当前位置:文档之家› 吴文化、楚文化与吴楚文化

吴文化、楚文化与吴楚文化

吴文化、楚文化与吴楚文化张硕(湖北省社会科学院楚文化研究所湖北武汉430077)摘要:本文从文献记载、出土文物以及吴楚文化的门类以及突出成果等方面入手,阐明吴、楚文化的交流与吴、楚文化的发展相始终,特别是吴文化和楚文化相互吸收和融汇异质文化的养分,不断更新和增宏本体文化的现象尤其引人注目。

关键词:吴文化;楚文化;吴楚文化中国图书分类号:文献标识码:文章编号:作者简介:张硕(1966—),湖北蕲春人,湖北省社会科学院副研究员,主要从事中国文化史研究。

楚文化因楚国楚人而得名,是对中华文化产生广泛影响的一种区域文化,绵延800余年,与周朝相始终。

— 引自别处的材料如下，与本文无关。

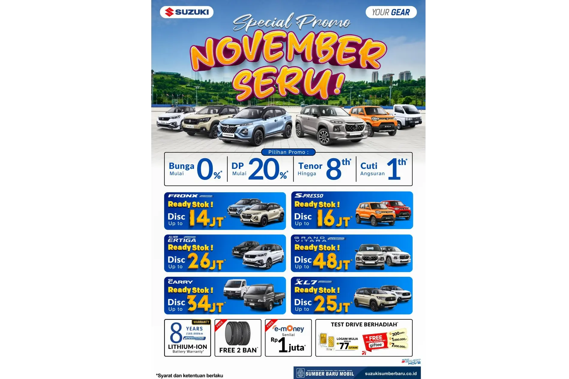 PURBALINGGA, SUZUKISUMBERBARU.CO.ID – Kabar paling "SERU" dan mengejutkan datang untuk para pecinta otomotif dan petualang di Purbalingga! Di bulan ini, Dealer Suzuki Purbalingga (Sumber Baru Mobil) secara resmi merilis program "SPECIAL PROMO NOVEMBER SERU!" untuk unit yang paling dicari-cari: Suzuki Jimny 5-Door.
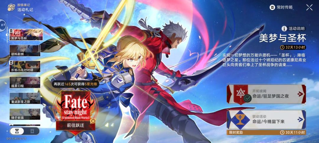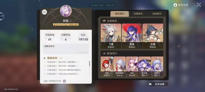 正文:1.我和同学玩过原神,我也是在同学的推荐下预约了这款游戏,记得当时放学后我就急匆匆的回家下载游戏,最后得了个109开头的UID,当时玩这游戏运气真的不是很好,77抽抽银狼结果还歪了,这让我丧失了动力退坑了一个月时间,后来在网上刷到了他的剧情于是又回去体验,也获得了我第一个up「刃」虽然很牢
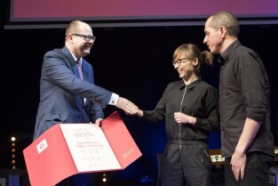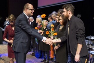 Gala Nagrody Miasta Gdańska w Dziedzinie Kultury "Splendor Gedanensis". Gdańsk, Europejskie Centrum Solidarności. Nz. Anna i Adam Witkowscy, nagrodę wręcza Prezydent Gdańska Paweł Adamowicz

现在,我们一般把楚人先祖熊绎被西周周成王“封以子男之田”作为楚建国封号的开始。

据《夏商周断代年表》,周成王在位时间为公元前1042年─前1021年。

从周成王时期到公元前223年秦灭楚,楚国约有800余年的历史。

在这一历史时期中,楚国作为江淮流域的最大国家,为中华民族的形成和中华文化的发展作出了杰出的贡献。

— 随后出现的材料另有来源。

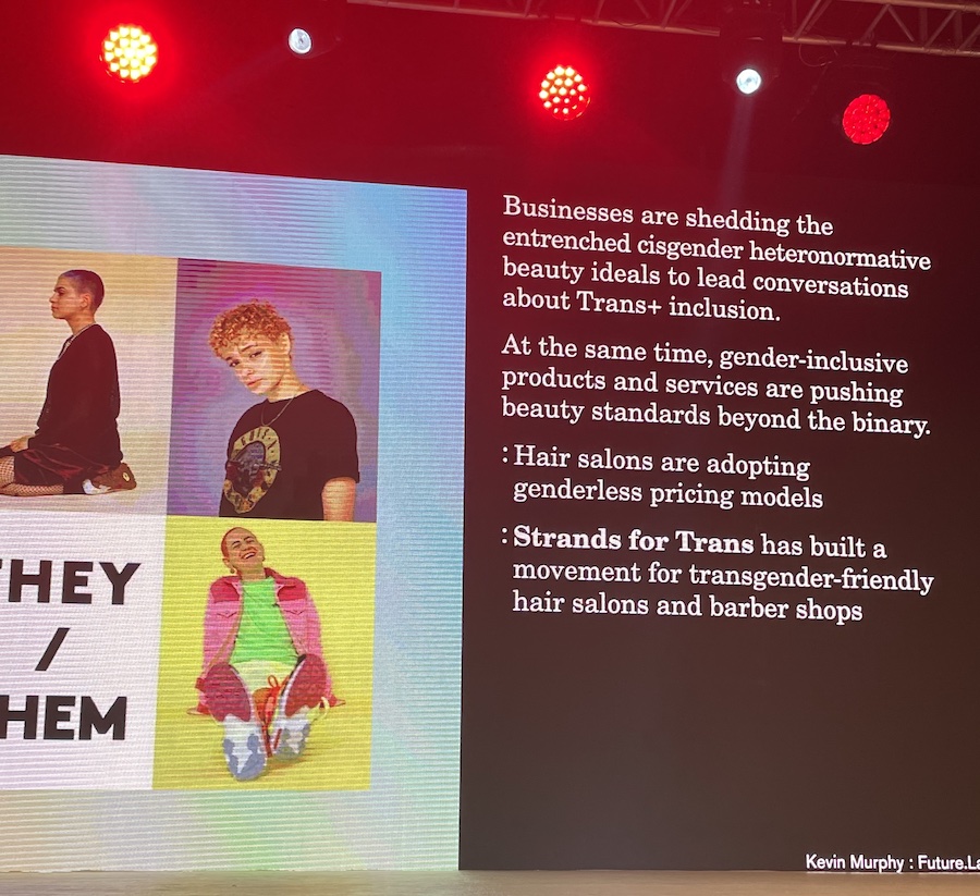 • Evolving Demographics is how we refer to the broadening of the clientele coming to salons and businesses should adapt products and services to meet the diversity of the worlds’ evolving demographics. The growth of the Afro hair offering is a prime example both in products and education on working with textured hair. We also need to talk more about gender inclusion such as hair salons adopting genderless pricing models.

著名历史学家范文澜先生曾指出:“楚国八百余年扩张经营,为秦汉创立伟大封建帝国准备了重要条件,七国中秦楚应是对历史贡献最大的两个国家。

”在800多年的发展进程中,楚从立国之初偏居今鄂西北荆山一隅的一个蕞尔小邦,经过不断扩张,逐步拓展到横跨长江中下游和淮河流域广大地区的泱泱大国,在楚国鼎盛时期,曾经领有东至东南沿海,西至川东,北至河南、山东,南至两广的广袤版图,厕身春秋五霸之一、战国七雄之长,是“地方六千余里,带甲百万,车千乘,骑万匹,粟支十年”的“天下之强国”。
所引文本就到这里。